Like me, Jessie thought.

It had been a curious three days since Richard Queen came back from George Weirhauser’s office. He had summoned his aging assistants that evening to a council of war. It was surely the strangest conference, Jessie thought, in the unlikeliest place... a gathering of old men on a bench in a secluded spot in Central Park. The handsome ex-lieutenant of Homicide, Johnny Kripps, had been there; the scar-faced Hugh Giffin; ex-Sergeant Al Murphy of the 16th, chunky, brick-skinned, with all his red hair, the youngest of the group; big Wes Polonsky, of the shaking hands; and Polonsky’s old partner, Pete Angelo, a slim tough dark man whose face was a crisscross of wrinkles, like a detail map of his seventy years.

They had listened in happy silence as Richard Queen spoke, lonely men being handed straws and grasping them thankfully.
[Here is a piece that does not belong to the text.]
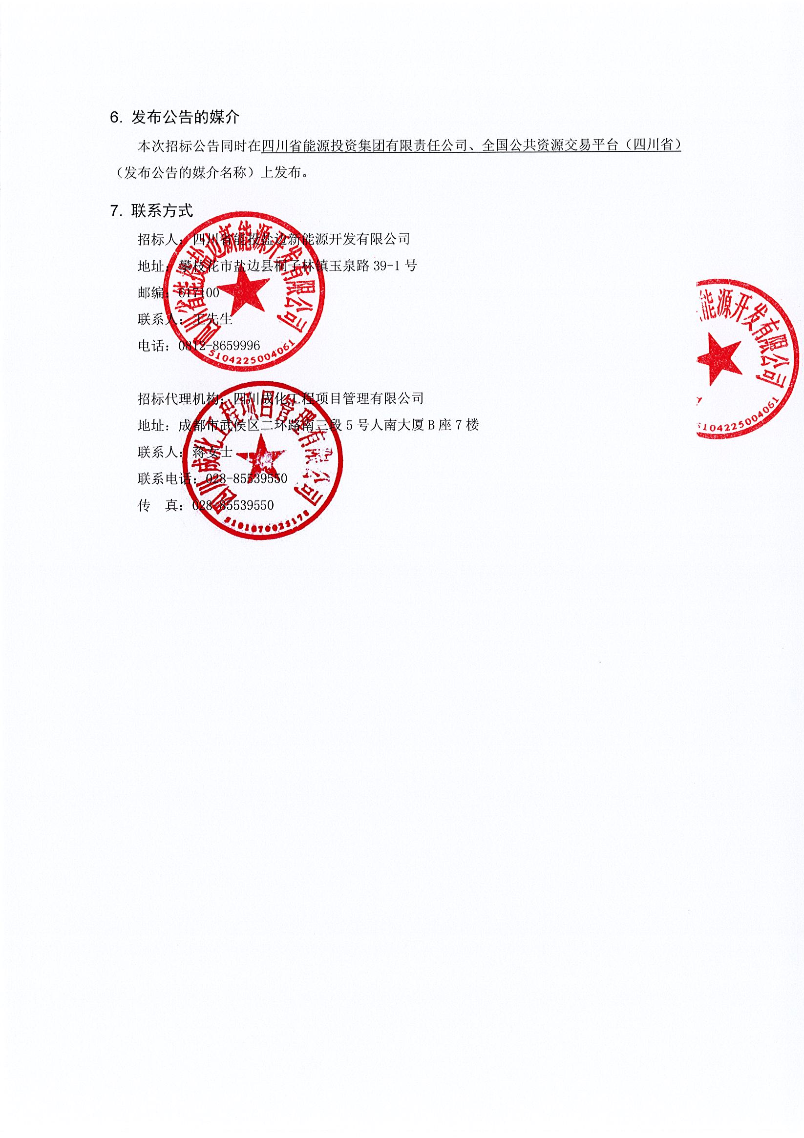 本次招标公告同时在四川省能源投资集团有限责任公司、全国公共资源交易平台(四川省)(发布公告的媒介名称)上发布。

And when they had walked off into the night, one by one, each with his assignment, Jessie had remarked, “I feel sorry for him in a way.”

“For whom, Jessie?”

“Alton Humffrey.”

“Don’t waste your sympathy,” the old man had muttered. “We’ve got a long way to go.”
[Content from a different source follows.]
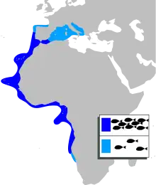 - 1 2 3 de Morais, L.; Sylla, M.; Camara, K.; Williams, A.B.; Sidibé, A.; Carpenter, K.E.; Montiero, V.; Lindeman, K.; Nunoo, F.; Quartey, R.; Djiman, R.; Sagna, A. (2015). "Plectorhinchus mediterraneus". IUCN Red List of Threatened Species. 2015: e.T194433A2334878. doi:10.2305/IUCN.UK.2015-4.RLTS.T194433A2334878.en. Retrieved 20 November 2021.
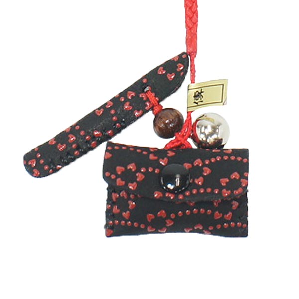 印伝 甲州印伝 印傳屋 上原勇七 ねつけ ストラップ 供紐 5104 小花 黒地×赤漆 鹿革 本革 レザー 和柄 ブランド 冬ギフト バレンタイン 贈り物 YM02

“Good evening,” the millionaire said.

He had opened the door himself. He stood there sharp and shoulderless in a satin-faced smoking jacket, at disciplined ease, the chill Brahmin with nothing on his wedge of face but remoteness — like a high Army officer in mufti or a Back Bay man of distinction — framed in a rectangle of rich wines and hunt-club greens and leather browns; and Jessie thought, No, it isn’t possible.
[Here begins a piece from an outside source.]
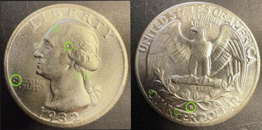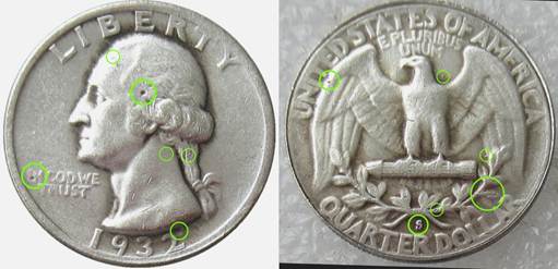 Another internet venue provides us images of a 1932-S that shares this “common obverse.” Highlighted in green are repeating marks for this reverse.

“You’re looking well, Miss Sherwood.”

“Thank you.”

“I’m not sure, Mr. Queen, I can say the same about you.”

“Could we come in?” Richard Queen said.

“Sorry! Suppose we use the study. Anything less than twenty people in the drawing-room strains the vocal cords. I apologize for not having the servants here to greet you. Unfortunately, I gave them the evening off.”

“Within the last fifteen minutes?”

Alton Humffrey shook his head, smiling. “You’re an extremely suspicious man.”

“Yes,” the old man said grimly, “I suppose you could say that.”

The apartment was like a strange land, all mysterious woods and coruscating chandeliers high overhead, antiques, crystal, oil paintings, old tapestries, glowing rugs... rooms twice as large as any Jessie had ever set foot in, with no cushion crushed, no rug scuffed, no receptacle with a trace of ashes. She realized now that the Nair Island house had represented the Alton K. Humffreys en déshabille, an annual adventure in roughing it, as remote from their real life as the average family’s summer camping trip was from its suburban fireside.

What kind of people could be happy living in this dustless, stylized, dwarfing museum? Maybe, Jessie thought, that’s why Sarah Humffrey is locked in a sanatorium room in New Haven.

The study was like the drawing-room, indigestibly rich, with monumental Tudorish furnishings and impossibly tall walls of books that looked as if they were going to topple over.

“Be seated, Miss Sherwood,” Humffrey said. “May I give you some sherry?”